Rz. 28
Das Zusammenspiel der verfahrensrechtlichen Vorschriften der Festsetzungsverjährung (§§ 169ff. AO) und der Bestandskraft (§§ 172ff. AO) einerseits und der bilanziellen Vorschrift des Bilanzzusammenhangs (§ 252 Abs. 1 Nr. 1 HGB) andererseits ist seit langem umstritten. Nach der Rechtsprechung des BFH wird dem Bilanzzusammenhang der Vorrang eingeräumt. Dies führt dazu, dass bilanzielle Korrekturen mit Rücksicht auf den Bilanzzusammenhang unabhängig vom Eintritt der Bestandskraft oder Festsetzungsverjährung in der letzten noch offenen Veranlagungsbilanz nachgeholt werden müssen.
Da die außerbilanziellen Korrekturen nicht vom Bilanzzusammenhang erfasst werden, kann der Bilanzzusammenhang in diesen Fällen nicht als Rechtfertigung für eine Verletzung der verfahrensrechtlichen Vorschriften über die Bestandskraft und Festsetzungsverjährung herangezogen werden. Die Korrektur außerbilanzieller Gewinnermittlungsvorgänge hat seine Grenze im allgemeinen Verfahrensrecht. Es ist also von erheblicher praktischer Bedeutung, ob eine außerbilanzielle oder bilanzielle Korrektur vorliegt. Die Korrektur einer nicht abziehbaren Betriebsausgabe ist folglich nur innerhalb der Festsetzungsverjährung möglich, wenn der Steuerbescheid noch nicht bestandskräftig ist.
Rz. 29
Teilweise besteht eine Verknüpfung zwischen einer Bilanzposition und einer außerbilanziellen Korrektur.
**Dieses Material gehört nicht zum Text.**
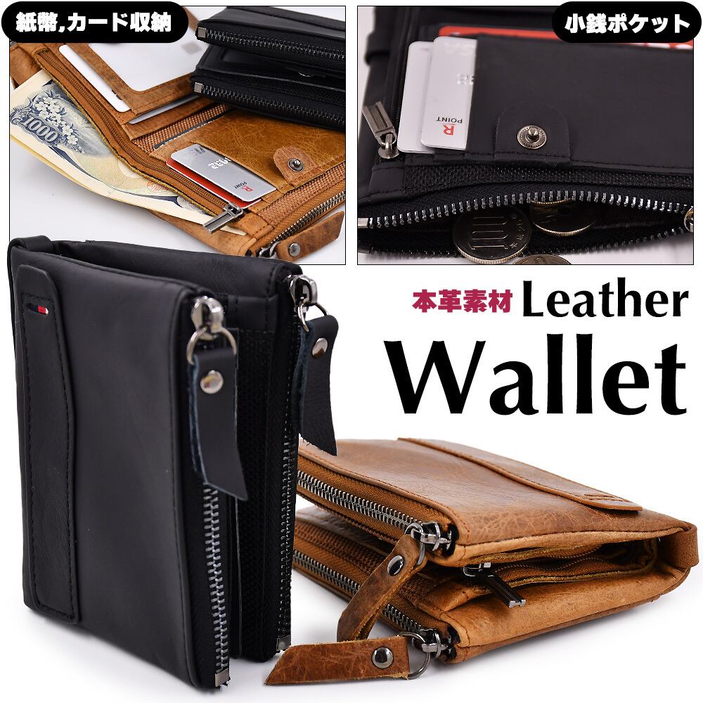 レザー 二つ折り財布 本革 多ポケット ブラック ブラウン メンズ ウォレット シンプル さいふ 高見え 軽い 名刺収納 紙幣収納 硬貨収納 黒 茶 2つ折り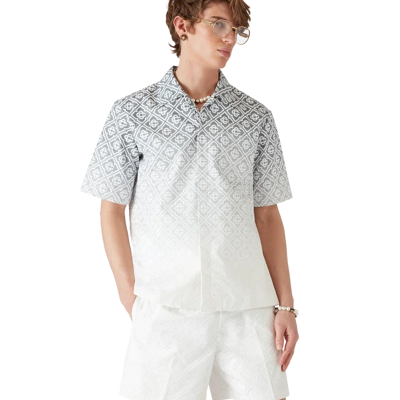 Cămașa Monogram Gradient este un model cu mâneci scurte și imprimeu, cu o siluetă clasică, confecționată dintr-un material din bumbac cu gradient Monogram, care prezintă Diamond Monogram-ul caracteristic al casei. Este prevăzută cu închidere cu nasturi, buzunar la piept și guler cubanez.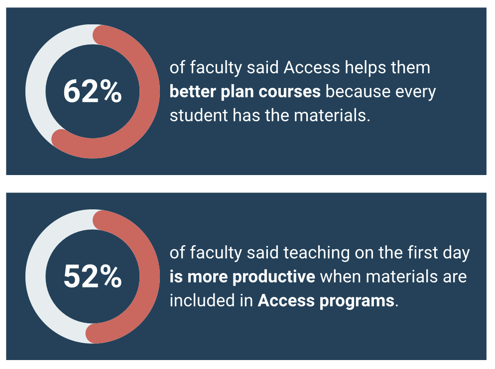 Access programs ensure course materials are delivered automatically, often through the Learning Management System, on or before the first day of class. The process is simple. The experience is consistent. And the academic impact adds up quickly.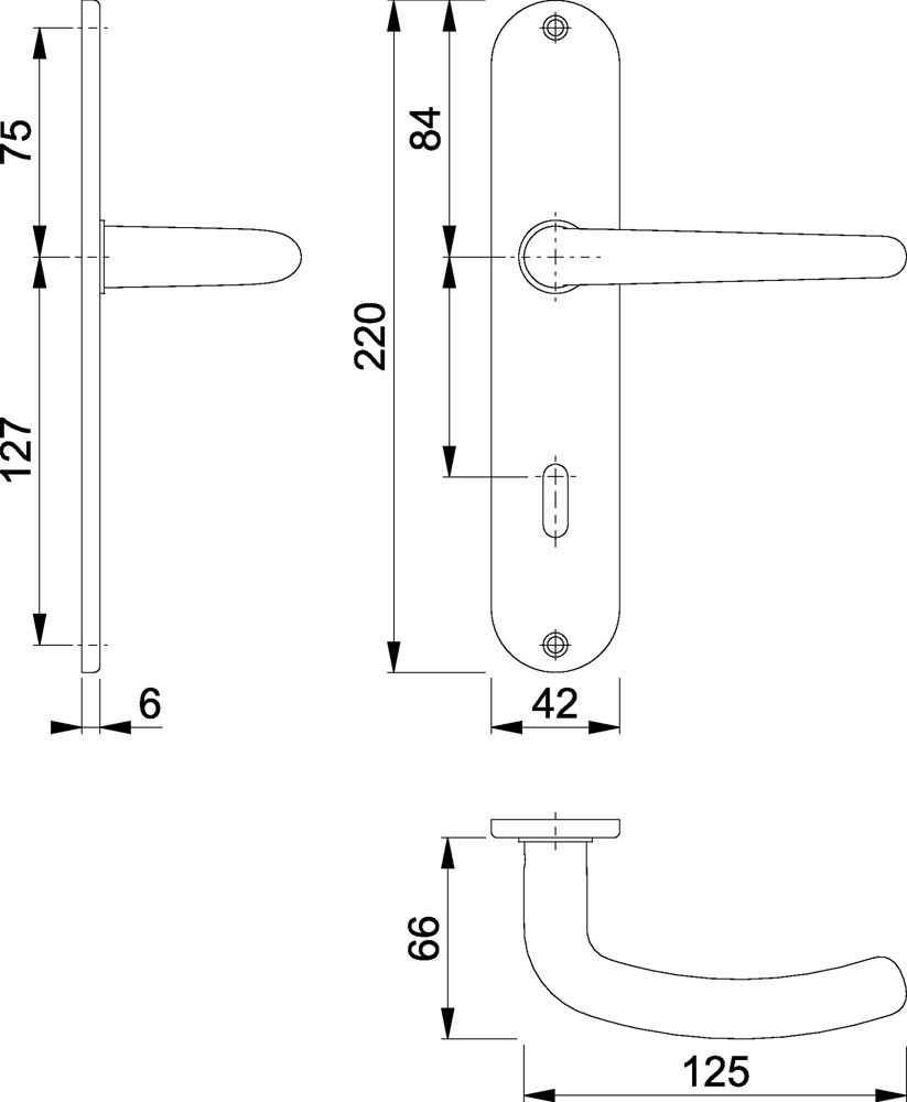 Langschildgarnitur Denver E1310Z/302 Edelstahl F69 OB 72 mm DINlinks / rechts E6428209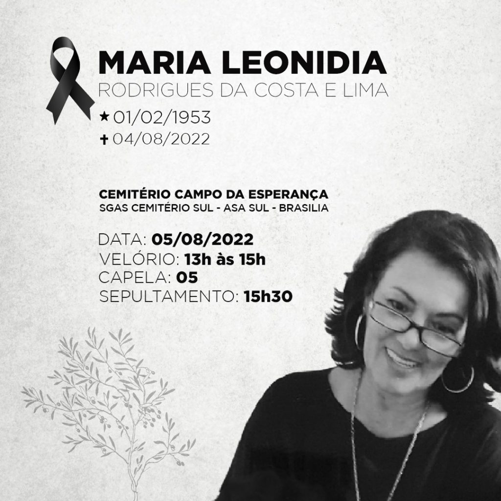 É com profundo pesar que o Sindicato dos Urbanitários no DF (STIU) informa o falecimento de Maria Leonidia Rodrigues da Costa e Lima, mãe do presidente da CUT-DF, Rodrigo Rodrigues.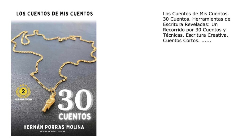 The result is a work that can be read for pleasure or study —or both. The clarity of the language, the practical approach, and the variety of styles present in the stories make <a href="https://www.amazon.com/30-Cuentos-t%C3%A9cnicas-escribir-Spanish-ebook/dp/B0BCP6QD3Z/ref=sr_1_1?crid=1BSMG4D7LOKY3&dib=eyJ2IjoiMSJ9.DCtAgDeI0lm-krejycKv–WUZY2vvrvFx6S3vrGBxL42O4FeMNeLeroQilZKcWxU.s_p4-OEYHMfgauciTJTbjxowbA2o_IJCWVwIlm024oo&dib_tag=se&keywords=hernan+porras+molina&qid=1746818810&sprefix=hernan+porras+molina%2Caps%2C109&sr=8-1″>Los Cuentos de Mis Cuentos a versatile, timely, and essential book for those who want to approach the art of writing from a genuine, no-frills perspective with a clear methodology.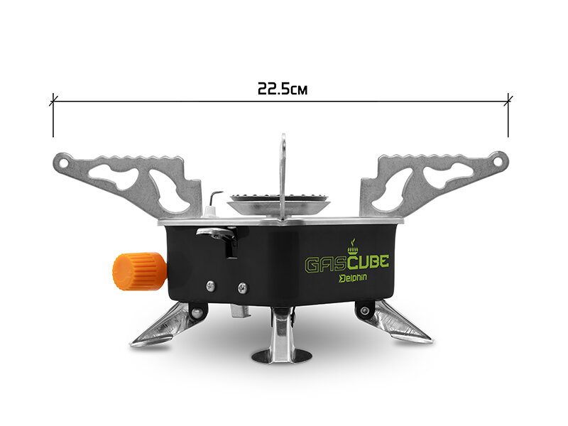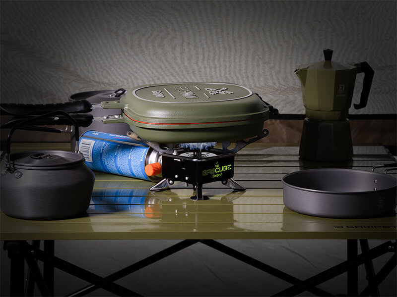 GASCUBE a des pieds repliables, ce qui lui permet d'être positionné de manière stable sur le terrain sans aucun problème. Les bras pliants ont deux positions, pliés ou dépliés, dépendant de la taille de votre tasse ou poêle. Le design est noir avec des éléments verts.

Bei der verdeckten Gewinnausschüttung wäre dies auf der Passivseite die Rückstellung für eine unangemessene Pensionszusage an den Gesellschafter-Geschäftsführer oder auf der Aktivseite das vom Gesellschafter zu einem unangemessen hohen Preis angeschaffte Wirtschaftsgut.
Kommt es zur Korrektur einer Verbindlichkeit oder einer Rückstellung, die auf einer vGA beruht, ist zwischen dem Teilbetrag I und II zu differenzieren. Die von der Finanzverwaltung entwickelte Figur des Teilbetrags I und II führt nicht zu einer Ausnahme von der Regel, dass eine außerbilanzielle Korrektur nur im Rahmen der Bestandskraft und der Festsetzungsverjährung korrigiert werden darf. Es soll verhindert werden, dass z. B. eine vGA durch eine Pensionszusage für den Gesellschafter-Geschäftsführer sich 2-mal steuerlich erhöhend auswirkt. Ohne die Technik des Teilbetrags I und II würde man zunächst im Jahr der Pensionszusage eine vGA außerbilanziell hinzurechnen und in einer späten Periode, wenn der Gesellschafter auf seine nicht vollwertige Pensionszusage verzichtet, einen bilanziellen Ertrag aus der Auflösung der Rückstellung erfassen.
Rz. 30
Kommt es auf der Aktivseite zu einer Berichtigung der Anschaffungskosten des vom Gesellschafter zu einem überhöhten Preis angeschafften Wirtschaftsgutes, soll nach Ansicht des BMF in einem solchen Fall die Korrektur in der letzten nach AO änderbaren Bilanz nachvollzogen werden. Diese Auffassung ist umstritten. Die bilanzielle Korrektur der Anschaffungskosten ist aufgrund des Vorrangs des Bilanzzusammenhanges gegenüber den verfahrensrechtlichen Schranken der Berichtigung von Steuerbescheiden "zeitlos" möglich. Für die außerbilanziellen Korrekturen gilt die Schranke der Festsetzungsverjährung. Die außerbilanzielle Korrektur der vGA ist also im Jahr der Anschaffung und nicht erst im Jahr der Berichtigung der Anschaffungskosten vorzunehmen. Nach anderem Verständnis ist § 8 Abs. 3 Satz 2 EStG die Korrektur für den bilanziellen Unterschiedsbetrag. Nach dieser Meinung kommt es auch für die außerbilanzielle Korrektur der vGA zu einer zeitlosen Korrektur.